Before diving into the “how,” let’s briefly touch on the “why.” Incorporating offers several advantages in comparison to other business structures (such as sole proprietorship – for a complete breakdown of incorporation vs sole proprietorship, click here). These advantages include:
Limited Liability: Personal protection is a huge reason many people incorporate. It is the main reason most entrepreneurs do, since it separates personal and business liabilities. In a corporation, the business is treated as a separate legal entity. This means that, generally, the personal assets of shareholders (such as homes, cars, and personal savings) are protected from the business’s debts and liabilities.
Tax Benefits: Incorporating in Alberta provides several tax benefits that can lead to considerable savings. Corporations benefit from lower tax rates compared to personal income tax rates, especially for income earned under the Small Business Deduction (SBD) threshold:
- Small Business Deduction: In Alberta, the combined federal and provincial tax rate for small businesses earning up to $500,000 in net income is only 11%. This is significantly lower than the top personal tax rates, which sit around 48%. For corporations with net income in excess of $500,000, however, the SBD no longer applies, and the tax rate climbs to about 23% (over double, but still highly preferable to the personal tax rate).
- Income Splitting: Corporations can pay dividends to shareholders, including family members, which can be a tax-efficient way to distribute income within the family (subject to the Tax on Split Income (TOSI) rules).
- Tax Deferral: Corporations allow owners to defer taxes by retaining profits within the company rather than distributing them immediately as income.
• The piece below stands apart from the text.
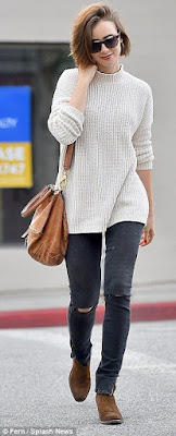 I admire the boho vibe, but I also love when she gets sleek and polished. She has such a striking face and a fantastic silhouette, as seen below. The black leather and red lips are a nice elevation.

This deferred income can then be reinvested into the business, aiding growth and expansion. Read more about tax deferral here.
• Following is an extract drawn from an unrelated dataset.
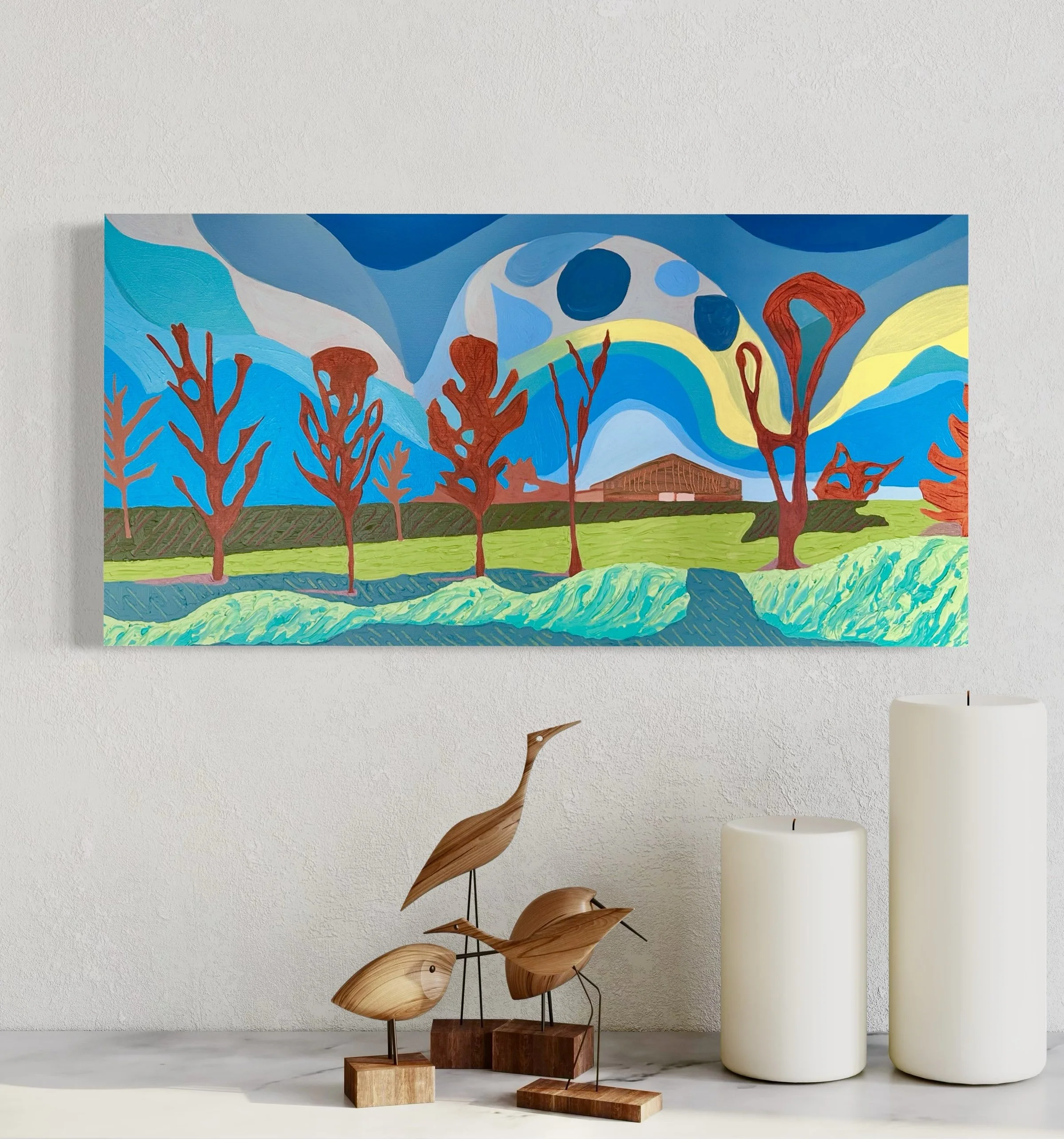The Vanishing Acreage. Acrylic on canvas. 15 x 30 inches. Inspired by the 100 Mile Diet movement, this painting reflects on the fragile balance between food sovereignty and land loss. The disappearing Canadian family farm stands at the edge of industrialization, memory, and resilience. Sweeping skies and rooted trees surround a barn barely holding its shape — a question, not an answer: Can we still feed ourselves locally?

Access to Capital & Financing: Incorporated businesses have an easier time accessing capital and financing. Corporations can raise funds through the sale of shares, attracting investors who are often more willing to invest in a structured, incorporated entity. Additionally, banks and other financial institutions may be more likely to extend loans and lines of credit to corporations due to their established structure and perceived stability.
Flexible Income Management: Incorporated business owners have more flexibility in managing their income. They can choose to pay themselves a salary, dividends, or a combination of both, allowing for strategic tax planning. Salaries are deductible expenses for the corporation and reduce taxable income, while dividends can be more tax-efficient depending on the owner’s personal tax situation. Click here for how to pay yourself from a corporation and a full breakdown of salary vs dividends.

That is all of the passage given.